16.8.07

Fauna de uma fêmea de 22 anos


Outrora toda sorte
de animal estranho e selvagem
vivia dentro dela,
mas uma febre muito alta
os exterminou.

A febre alta se foi
e ela acordou vazia.
Uivos, rugidos, ganidos,
rosnados, trinados,
tudo havia se calado.
Jaguares, lobos, touros,
tigres, águias, coiotes,
cavalos e graúnas,
Todos silenciosos
e extintos.

O corpo ainda quente,
a pele ainda ardia
como uma queimadura de sol;
No leito adoentado
clamou por sua fauna
mas nada recebeu além
de um beijo no olho
e um comprimido.

9.8.07

Na Eminência (título provisório)


Aqui, na presença de olhos pardos, aqui, na eminência de olhos azuis, enfim, na incerteza de olhos que mudam de cor. Ele abrigava, sob os cílios, um segredo inconfessável. Piscava e se desfazia do último reflexo que os olhos contiveram. Pra onde foi? Ele não diz, é segredo de estado de espírito. Os olhos ruminam, regurgitam o que ele já viu; estão fechados.

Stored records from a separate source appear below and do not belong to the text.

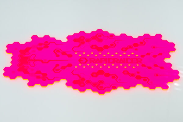 今回はデカール用に作ったデータをもとに、ハーフトーン風のデータ+グレースケールに変換して機械に送っています。蛍光アクリルの場合に顕著ですが、カット面と彫刻面、何もしていない素の面で色が違って見えますので、意識しながら形を決めていきます。外周のカットラインが六角になっているのは光を意識してのものです。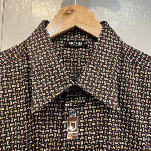1970s Brown Patterned Italian Button Up Shirt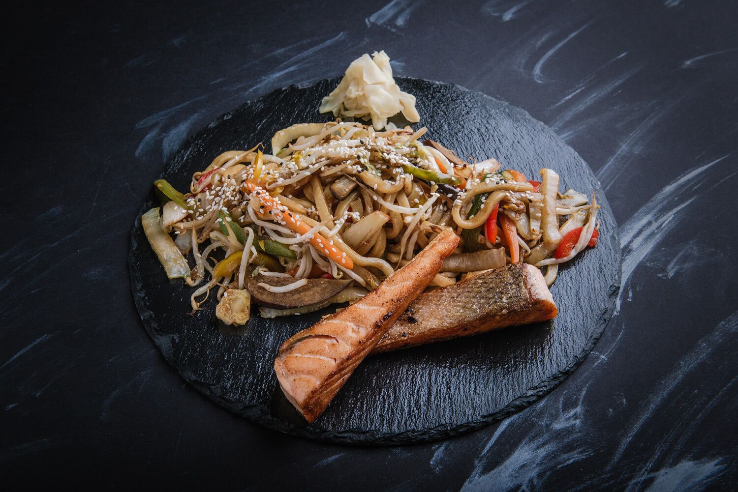 Sake yaki udon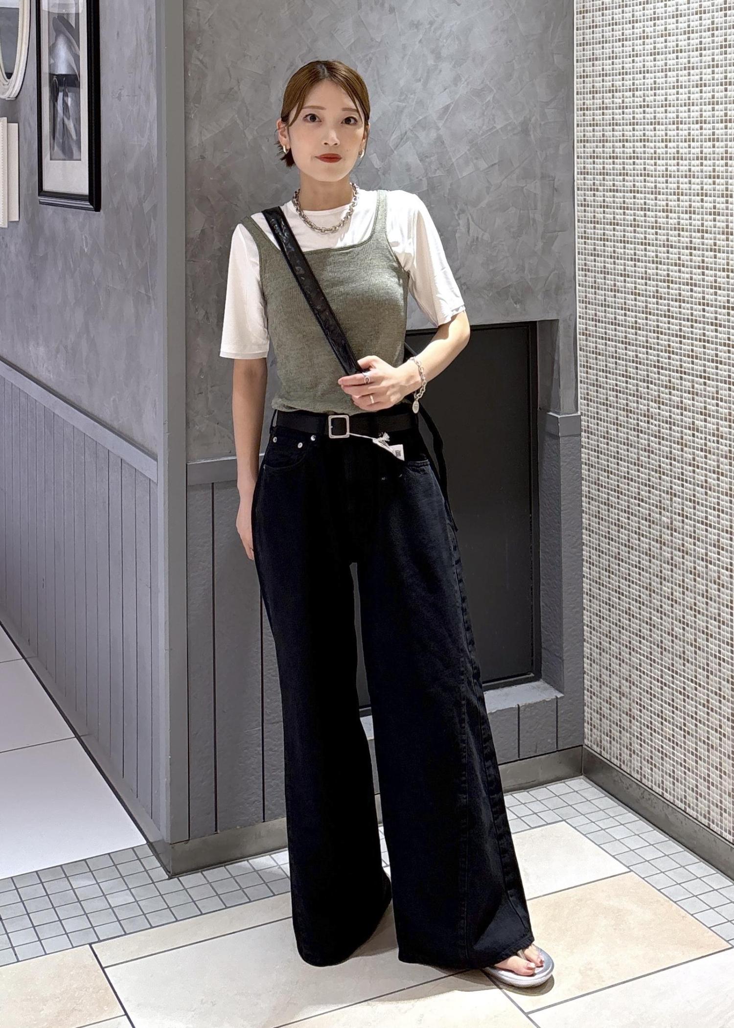 暑い時期にさらっと着れる大人なフィブリルTとNeedbyのバギーパンツとあわせました!

Em Copacabana faz um frio estrangeiro. No ônibus, no metrô, nos espaços fechados, sentimos o cheiro de mofo e naftalina exalados pelos agasalhos inutilizados há tanto tempo. Todos têm cheiro de gaveta de avó, todos parecem que acabaram de desembarcar de São Paulo. O hálito de mentol do inverno nos transformou em estranhos bem vestidos. O porteiro me confessa que está usando polainas. Eu acho que é um certo exagero, mas considero a possibilidade de estar subestimando o frio que eu sinto. Em casa visto polainas. Faz sentido, já tinha esquecido como era não sentir frio.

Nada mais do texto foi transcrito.